Anak Berhadapan dengan Hukum
Pemerintah Indonesia menempatkan anak sebagai priotitas dalam berbagai kebijakan yang diambil. Diantaranya pengesahan Undang-Undang Nomor 35 tahun 2014 tentang Perlindungan Anak dan Undang-Undang Nomor 11 Tahun 2012 tentang Sistem Peradilan Pidana Anak (SPPA).

Pasal 1 ayat 2 UU 11/2012 Anak yang Berhadapan dengan Hukum (ABH) adalah anak yang menjadi korban tindak pidana, dan anak yang menjadi saksi tindak pidana. Sementara Anak yang Berkonflik dengan Hukum adalah anak yang telah berumur 12 (dua belas) tahun, tetapi belum berumur 18 (delapan belas) tahun yang diduga melakukan tindak pidana (Pasal 1 ayat 2 UU 11/2012). Dalam SPPA tercantum kewajiban untuk mengutamakan pendekatan Restoratif Justice (Keadilan Restoratif) dan Diversi dalam menangani Anak Berhadapan dengan Hukum.

Keadilan Restoratif adalah penyelesaian perkara tindak pidana dengan melibatkan pelaku, korban, keluarga pelaku/korban, dan pihak lain yang terkait untuk bersama-sama mencari penyelesaian yang adil dengan menekankan pemulihan kembali pada keadaan semula, dan bukan pembalasan (Pasal 1 ayat 6 UU 11/2012). Lebih lanjut pada ayat 7 disebutkan Diversi adalah pengalihan penyelesaian perkara Anak dari proses peradilan pidana ke proses di luar peradilan pidana.

Berdasarkan penjelasan diatas maka pemerintah sudah hadir dalam perlindungan anak. Kementerian Hukum dan HAM melalui Unit Pelaksana Teknis (UPT) Balai Pemasyaraktan (Bapas) menugaskan Pejabat Fungsional Penegak Hukum Pembimbing Kemasyarakatan (PK) untuk hadir dalam setiap perkara anak berhadapan dengan hukum. Pembimbing Kemasyaratan melaksanakan penelitian kemasyarakatan (Litmas), pembimbingan, pengawasan, dan pendampingan terhadap Anak di dalam dan di luar proses peradilan pidana.

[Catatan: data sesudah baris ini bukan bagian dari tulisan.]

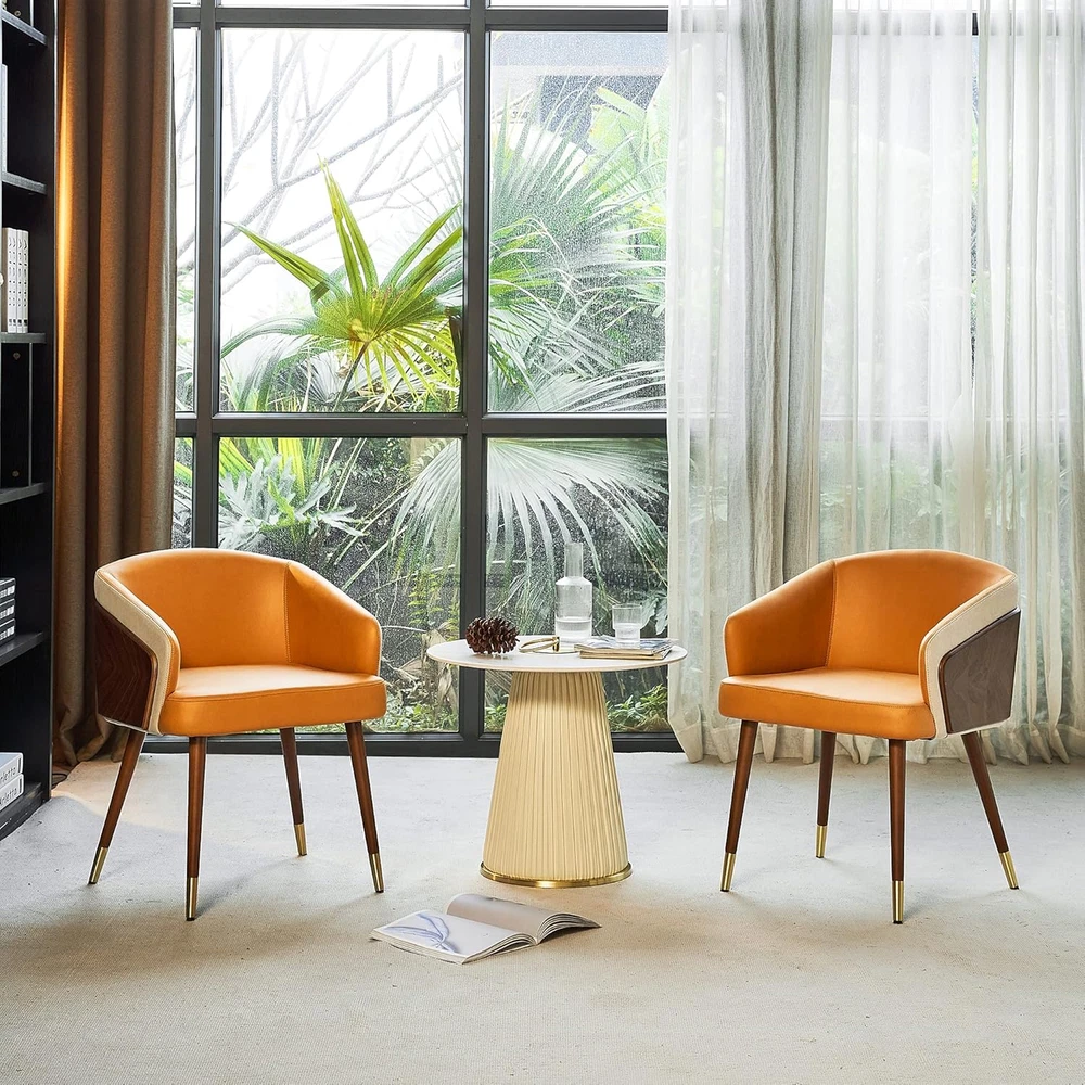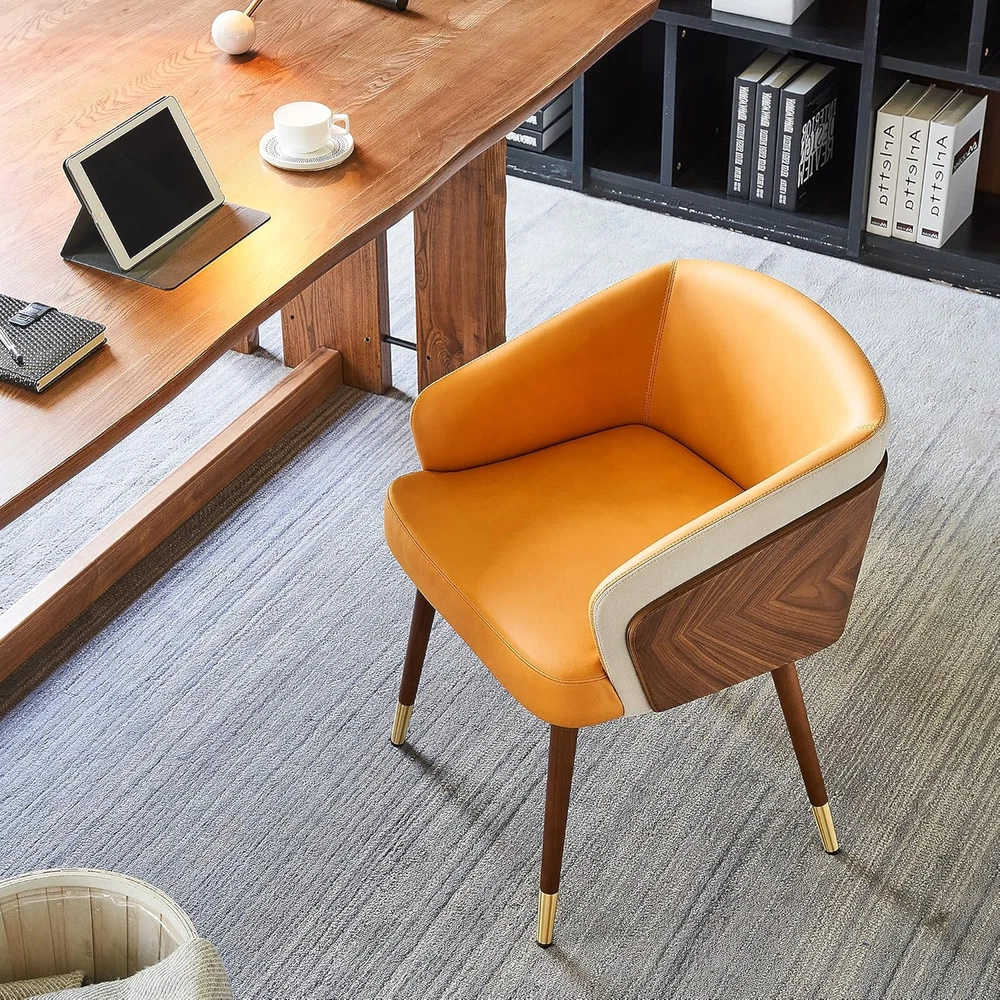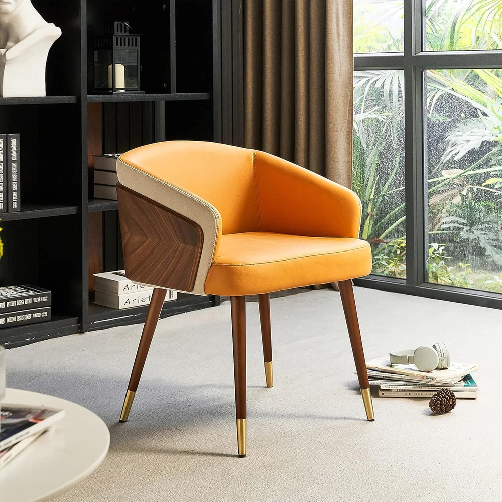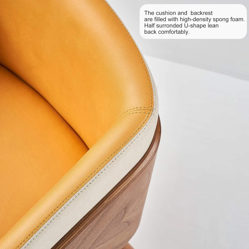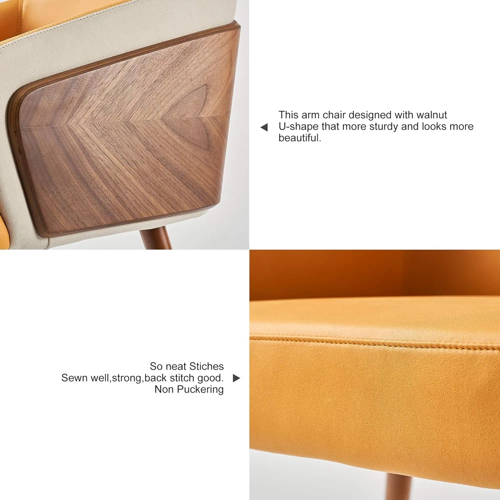 【Stylish Home Décor】:This guest room chair with exposed plywood arms, walnut wood finish of back side and with upholstery back of leathaire fabric upholstery seater is soft and comfortable,Walnut wooden legs and gold-plated foot cap,modern and fashion. 【Relax and Enjoy】:The half-wrapped of the arm chair back and cushioning with high density foam. The armrests and upholstery cushioned seat offer maximum comfort& cozy. Strong frim and well cushioned, It's nice for long conversation or work,.Pefect to be: dining chairs,home chairs, computer chairs,make up chairs, side chairs, reception chairs and club chairs. 【Stable & Durable】:The cafe arm chair holds over 280lbs with its lightweight and sturdy construction. With plastic plug to prevent floor from scratching with anti-slip effect for sensitive flooring. 【Multi-Purpose Use】:Modern style is perfect match most home decor, fit for your living room,,bedroom, dining room, study room, dorm,lobby, and widely use in reception and makeup vanity. 【Measurement】:Overall:21.7Dx21.3Wx28.7H inches;Seat : 18"W x 18.5"D;Seat height: 18.1". Easy assembly with 4 feet accessory only Product Description Product Description and Dimension Scene Graph ARTPLAN Dinning Room Accent Arm Chair by Leathaire for Kitchen Living Room Home Office Description: This chair has enough contemporary yet classic elements to blend in with your existing style. Clean lines, foam filling and fabric covering give this piece functionality as well as smart design, the wooden legs and slat arms are perfectly styled for the mid-century look. It will be suitable for those urban dwellers with limited space. Simplistic yet chic. Is a beautiful piece for the contemporary household. S uperior Features: With elegantly leathaire fabric accent multiple locations available design, it can not only provide a unique appearance, but also provide comfortable arm support. Bring a very stylish and Chic look to your home. Beech textured solid wood legs with gold-plated metal foot caps add a sense of luxury. It comes with plastic plug for the bottom so you without worrying about scratching up your floor. The cushion and backrest are filled with high-density spong foam, which provides excellent cushioning. The chair back is half surrounded , so you can lean back comfortably. Skin-friendly modern leathaire fabric, which is soft, attractive, and quite wear resistant. It’s rich and beautiful, to add brightness and modernity to living room. Chairs also used for dinning room ,kitchen and home office P roduct Details: Fabric:Leathaire Frame Material:Plywood、Beech Solid Wood Legs Foot caps Material: Zinc Alloy Overall size: 22.5"W x 21.7"D x 27.5"H; Seat size: 18.8"W x 18.5"D; Seat height: 18.1" Back Height:11.8" Product Include: - 1 * Accent Chair - Assembly Hardware - Assembly Manualr Product details part 1 Elegant U-shape design The cushion and backrest are filled with high-density spong foam. Half surrounded U-shape lean back comfortably. Double-layer back design in arc shape,providing you a better back support.Sit closer,feel more. Sturdy plywood and walnut Sturdy plywood inner layer with walnut outer that modern, fashion, designer gives you more all new upgraded. Natural walnut wood is petty good and beautiful. Surrounded all backrest from left to right, let is stronger and safely. Reinforced stiches Faux leather with strong sewn to be a high quality chair. Cut & Sewn good, the stiches are straight. Full seater, neat details for this chair and do by good density foam. Product details part 2 A reasonably good fit Texture natural wood grain. Cut & Sewn good, well combined with plywood frame. Clear layers , color matching is so good that could be a great chair. Fashion modern and beautiful foots Beech wood legs that more sturdy and looks more beautiful. Textured solid beech wood legs with gold-plated metal foot caps add a sense of luxury. Even comes with plastic plug to prevent floor from scratching with anti-slip effect for sensitive flooring. Modern technology leathaire fabric Faux leather has many important specifications. Wear resistant. Hydrolysis. High colorfastness. Environmental. Quality period for a long time. Elegant Armchair accent chair for living room conversation area home office bedroom,that is a perfect for a tasteful choice. ARTPLAN Always offer more comfort and unique features to outdoor living. Fashional, high-quality, kinds of patio cushions,tufted cushions and any others seat pad. Available indoor furnitures too. We offer Indoor/Outdoor Cushions Chairs and Sofas for inddor or outdoor Ottoman/Stool Woven Furniture Tasteful life from ARTPLAN Many technical benefits of details for this chair, whether materials or product process, it is a good and high quality chair Armchair Features: Walnut Beech wood legs Each install Leathaire modern fabric gold-plated metal foot caps Used for many places like living room,bedroom, kitchen room, conversation,desk. Scene Graph Armchair designed a U-shape could be surround your body feel more comfortable Says this accent chair used for living room/dinning room/kitchen/bedroom/home office/conversation area . Elegant armchair should be gives you a leisure life,perfect for a tasteful choice. Scene graph Armchair designed a U-shape could be surround your body feel more comfortable . Says this Accent chair used for living room/dinning room/bedroom/home office/conversation area . Elegant armchair should be gives you a leisure life,perfect for a tasteful choice. Scene graph Armchair designed a U-shape could be surround your body feel more comfortable . Says this Accent chair used for living room/dinning room/bedroom/home office/conversation area . Elegant armchair should be gives you a leisure life,perfect for a tasteful choice. Scene graph Armchair designed a U-shape could be surround your body feel more comfortable . Says this Accent chair used for living room/dinning room/bedroom/home office/conversation area . Elegant armchair should be giv

Jumlah anak di Kalimantan Barat (Kalbar) yang sedang menjalani hukuman di dalam Lapas dan Rutan per-Oktober 2018 berjumlah 74 anak. Kalbar menduduki peringkat teratas jika dibandingkan dengan provinsi lain di Pulau Kalimantan yakni, Kalteng (19), Kalsel (44), Kaltim (51). Sementara jumlah permintaan pendampingan dan (Litmas) untuk perkara ABH yang masuk dan diselesaikan Balai Pemasyarakatan (Bapas) se-Kalbar hingga November yakni; Bapas Kelas II Pontianak berjumlah 314 dari 316 perkara, Bapas Kelas II Sintang 77 dari 81 perkara. Perkara hukum yang dihadapi antara lain kasus Narkotika, Pencurian, Kekerasan dan Kasus Asusila.

Hal ini menunjukan keseriusan pemerintah melalui UPT Bapas Kemenkumham yang sudah bekerja dengan baik melakukan tugas dan fungsi perlindungan anak dengan menghindarkan ABH dari pidana penjara. Pengalihan penyelesaian perkara melalui Diversi menjadi ujung tombak perlindungan anak di mata hukum pidana Indonesia.

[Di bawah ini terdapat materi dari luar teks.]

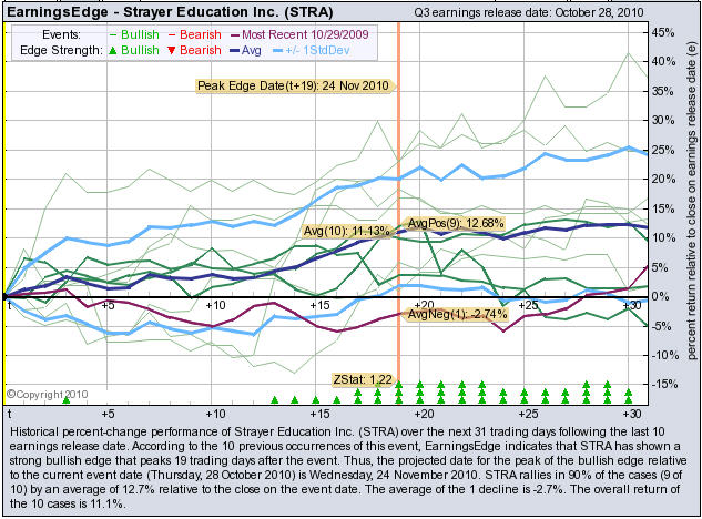 According to the 10 previous October earnings reports, STRA has shown a bullish edge that peaks 19 trading days after the report. STRA rallies in 90% of the cases (9 of 10) by an average of +12.7% relative to the date of the earnings release. At the time this story was written, STRA is +1.55% immediately after earnings were released.

Sumber Masalah Ada di Sekitar Kita
Lalu apa yang menjadi masalah dengan angka-angka tersebut? Tingginya angka anak berhadapan dengan hukum menjadi sinyal perkembangan psikososial dan pendidikan, anak yang kurang baik. Perlu diketahui bahwa anak sebagai pelaku tindak pidana dalam kaca mata SPPA adalah korban dari pola asuh, pergaulan dan lingkungan. Peran orang tua dan masyarakat hingga pemerintah daerah menjadi hal penting dalam meningkatkan kesejahteraan anak.

Masih bisa kita saksikan saat larut malam anak-anak dibawah umur di Jalan Gajah Mada Kota Pontianak menjajakan barang dagangan, semir sepatu hingga mengemis. Seolah pemandangan yang wajar disaksikan, namun sungguh memprihatinkan melihat anak-anak yang mungkin tidak punya pilihan menjalani masa kanak-kanaknya. Sehingga anak kurang pengawasan dan terjebak di lingkungan tidak sehat yang cenderung mengarah pada tindak kriminal.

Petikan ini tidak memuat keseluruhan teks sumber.